**What the task requires**
Everything in the listing below has to be repeated exactly, except the pictures.

──────── Dataset extract ────────

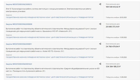 В целом же, ПСК «Петробалт» становится одним из основных подрядчиков в Коми. Общая сумма выигранных закупок за последние годы составляет 1,5 млрд рублей. Ранее, в 2017-2018 гг данная организация была одним из основных застройщиков ФМБА РФ.
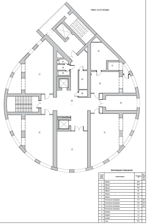 Предлагаемая площадь находится на четырех этажах: 8, 9, 14, 15. Возможна поэтажная аренда.
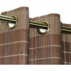 Natural & “Enviro” Bamboo Grommet Top Valance features 1-1/4in diam grommet mounting system. Rust Resistant Antique Brass grommets slide side to side for easy opening without the dangerous cords – pet and child friendly product. The look of Roman shade bamboo material and hangs like a standard curtain panel on a decorative drapery rod (rod not included). Clean with a vacuum or soft brush. This curtain covers 65in in width. This product is meant for Indoor use.
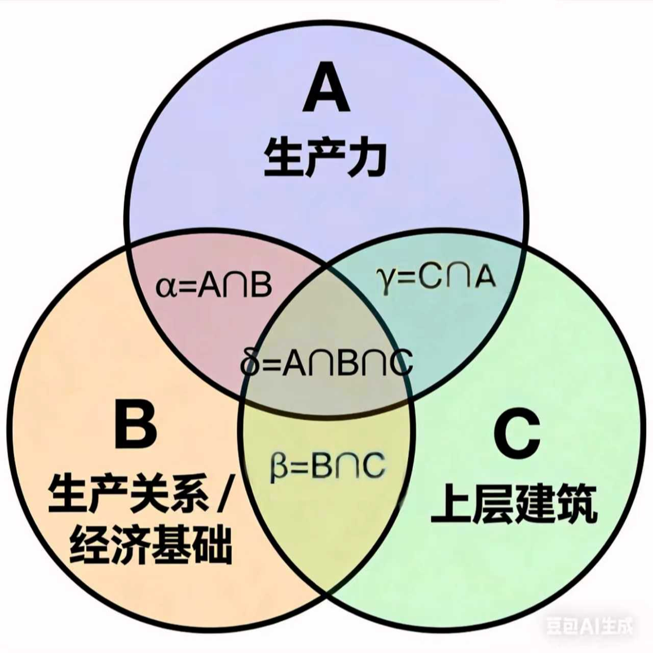 - 保持张力的综合性:它既坚持生产力(A)的终极基础地位(体现在α、γ、δ中都包含A),又充分赋予生产关系(B)和上层建筑(C)以能动的、甚至在某些历史关头是决定性的作用(体现在β、γ、δ的独立意义)。这种设计避免了经济决定论与文化决定论的各执一词,在综合中保持了理论的必要张力与解释弹性。

────────

**Solution for this task**
 В целом же, ПСК «Петробалт» становится одним из основных подрядчиков в Коми. Общая сумма выигранных закупок за последние годы составляет 1,5 млрд рублей. Ранее, в 2017-2018 гг данная организация была одним из основных застройщиков ФМБА РФ.
 Предлагаемая площадь находится на четырех этажах: 8, 9, 14, 15. Возможна поэтажная аренда.
 Natural & “Enviro” Bamboo Grommet Top Valance features 1-1/4in diam grommet mounting system. Rust Resistant Antique Brass grommets slide side to side for easy opening without the dangerous cords – pet and child friendly product. The look of Roman shade bamboo material and hangs like a standard curtain panel on a decorative drapery rod (rod not included). Clean with a vacuum or soft brush. This curtain covers 65in in width. This product is meant for Indoor use.
 - 保持张力的综合性:它既坚持生产力(A)的终极基础地位(体现在α、γ、δ中都包含A),又充分赋予生产关系(B)和上层建筑(C)以能动的、甚至在某些历史关头是决定性的作用(体现在β、γ、δ的独立意义)。这种设计避免了经济决定论与文化决定论的各执一词,在综合中保持了理论的必要张力与解释弹性。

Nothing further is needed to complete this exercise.